--- START ---

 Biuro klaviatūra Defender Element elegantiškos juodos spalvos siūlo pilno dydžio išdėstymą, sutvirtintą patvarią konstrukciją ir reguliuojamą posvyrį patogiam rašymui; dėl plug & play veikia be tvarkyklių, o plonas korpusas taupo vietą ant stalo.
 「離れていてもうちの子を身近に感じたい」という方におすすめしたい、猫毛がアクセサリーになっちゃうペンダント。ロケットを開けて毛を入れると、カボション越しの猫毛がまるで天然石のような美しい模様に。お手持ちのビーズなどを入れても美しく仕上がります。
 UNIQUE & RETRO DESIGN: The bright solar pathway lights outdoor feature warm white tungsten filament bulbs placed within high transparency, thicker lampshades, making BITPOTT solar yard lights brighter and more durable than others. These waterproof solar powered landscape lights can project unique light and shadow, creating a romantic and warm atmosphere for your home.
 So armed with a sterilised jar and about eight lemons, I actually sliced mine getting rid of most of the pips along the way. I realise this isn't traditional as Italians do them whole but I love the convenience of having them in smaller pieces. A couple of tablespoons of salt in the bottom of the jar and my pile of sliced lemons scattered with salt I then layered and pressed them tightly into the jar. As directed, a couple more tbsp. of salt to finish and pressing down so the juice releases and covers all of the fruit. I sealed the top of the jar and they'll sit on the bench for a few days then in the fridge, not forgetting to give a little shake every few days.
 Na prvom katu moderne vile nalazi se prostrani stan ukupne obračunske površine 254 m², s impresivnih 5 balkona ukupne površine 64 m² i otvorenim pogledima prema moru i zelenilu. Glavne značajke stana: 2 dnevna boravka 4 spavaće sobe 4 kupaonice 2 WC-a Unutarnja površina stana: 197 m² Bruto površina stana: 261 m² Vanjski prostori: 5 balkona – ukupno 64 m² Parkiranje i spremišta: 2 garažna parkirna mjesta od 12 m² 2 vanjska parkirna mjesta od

--- END ---
--- START ---

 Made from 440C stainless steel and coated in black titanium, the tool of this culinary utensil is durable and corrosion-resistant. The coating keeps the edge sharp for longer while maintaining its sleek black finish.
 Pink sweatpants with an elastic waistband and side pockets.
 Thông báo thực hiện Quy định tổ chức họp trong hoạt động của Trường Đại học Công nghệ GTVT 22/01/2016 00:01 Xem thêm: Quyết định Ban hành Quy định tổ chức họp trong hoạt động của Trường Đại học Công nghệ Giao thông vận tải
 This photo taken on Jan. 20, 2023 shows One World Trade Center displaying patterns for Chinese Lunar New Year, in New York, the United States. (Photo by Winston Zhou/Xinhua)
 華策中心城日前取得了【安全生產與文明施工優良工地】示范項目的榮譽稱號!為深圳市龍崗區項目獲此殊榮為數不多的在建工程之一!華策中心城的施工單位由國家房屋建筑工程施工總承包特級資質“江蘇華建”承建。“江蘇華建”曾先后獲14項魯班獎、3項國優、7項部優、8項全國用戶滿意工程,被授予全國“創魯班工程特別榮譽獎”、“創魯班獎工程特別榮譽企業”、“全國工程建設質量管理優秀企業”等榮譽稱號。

--- END ---
--- START ---

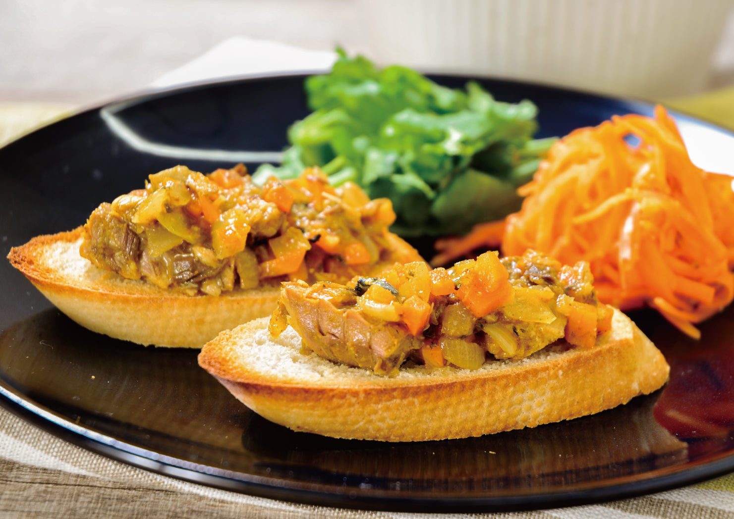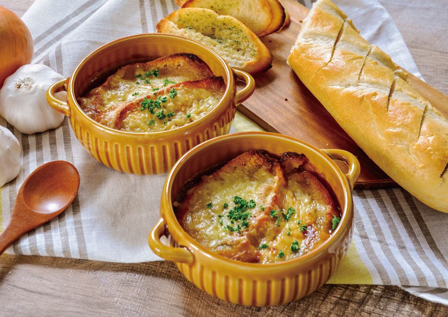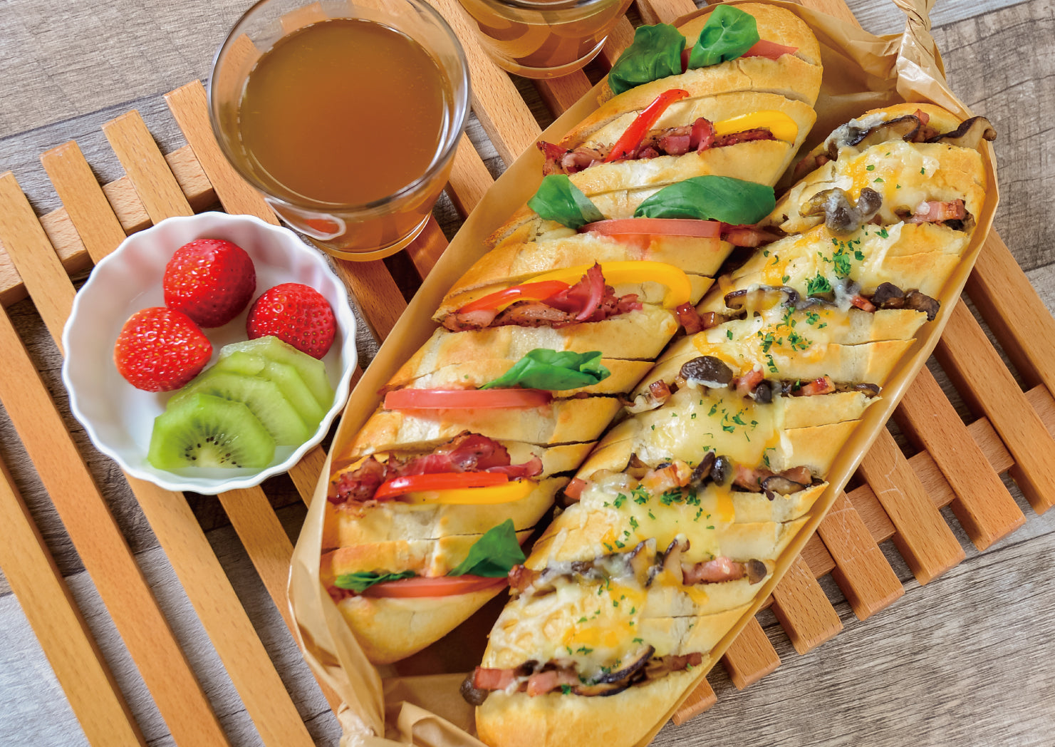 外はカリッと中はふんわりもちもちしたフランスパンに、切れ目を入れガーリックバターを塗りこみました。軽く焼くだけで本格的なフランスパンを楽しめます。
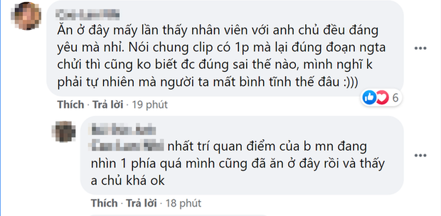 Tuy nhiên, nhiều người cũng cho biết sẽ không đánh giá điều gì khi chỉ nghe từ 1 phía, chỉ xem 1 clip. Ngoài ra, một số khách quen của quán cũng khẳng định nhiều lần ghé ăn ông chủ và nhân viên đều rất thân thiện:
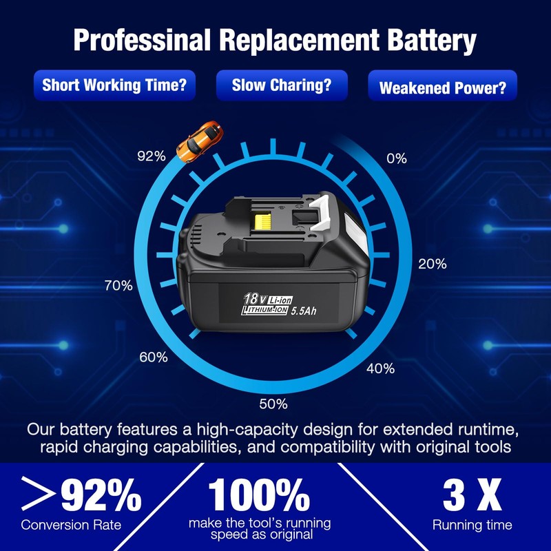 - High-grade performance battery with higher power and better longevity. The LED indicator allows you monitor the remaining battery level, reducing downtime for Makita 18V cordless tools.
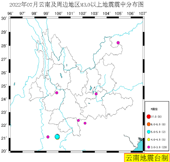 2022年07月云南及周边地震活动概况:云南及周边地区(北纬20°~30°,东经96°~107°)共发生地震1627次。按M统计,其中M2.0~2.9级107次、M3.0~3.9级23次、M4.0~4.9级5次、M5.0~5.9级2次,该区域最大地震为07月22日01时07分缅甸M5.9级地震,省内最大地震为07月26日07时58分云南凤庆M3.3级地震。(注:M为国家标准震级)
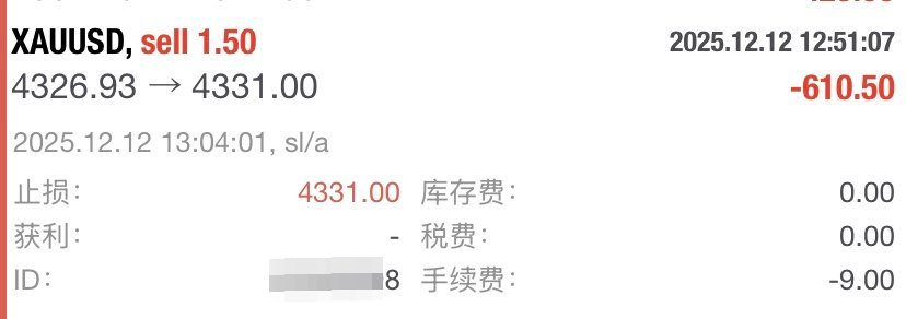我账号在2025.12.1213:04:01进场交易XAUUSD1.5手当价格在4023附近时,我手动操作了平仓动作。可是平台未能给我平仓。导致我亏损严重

--- END ---

— TASK DESCRIPTION —
Could you set down, word for word, only the lines above from the line with "Thông báo thực" to the line with "華策中心城日前取得了【安全生", including both?

— RESPONSE TO THE TASK —
 Thông báo thực hiện Quy định tổ chức họp trong hoạt động của Trường Đại học Công nghệ GTVT 22/01/2016 00:01 Xem thêm: Quyết định Ban hành Quy định tổ chức họp trong hoạt động của Trường Đại học Công nghệ Giao thông vận tải
 This photo taken on Jan. 20, 2023 shows One World Trade Center displaying patterns for Chinese Lunar New Year, in New York, the United States. (Photo by Winston Zhou/Xinhua)
 華策中心城日前取得了【安全生產與文明施工優良工地】示范項目的榮譽稱號!為深圳市龍崗區項目獲此殊榮為數不多的在建工程之一!華策中心城的施工單位由國家房屋建筑工程施工總承包特級資質“江蘇華建”承建。“江蘇華建”曾先后獲14項魯班獎、3項國優、7項部優、8項全國用戶滿意工程,被授予全國“創魯班工程特別榮譽獎”、“創魯班獎工程特別榮譽企業”、“全國工程建設質量管理優秀企業”等榮譽稱號。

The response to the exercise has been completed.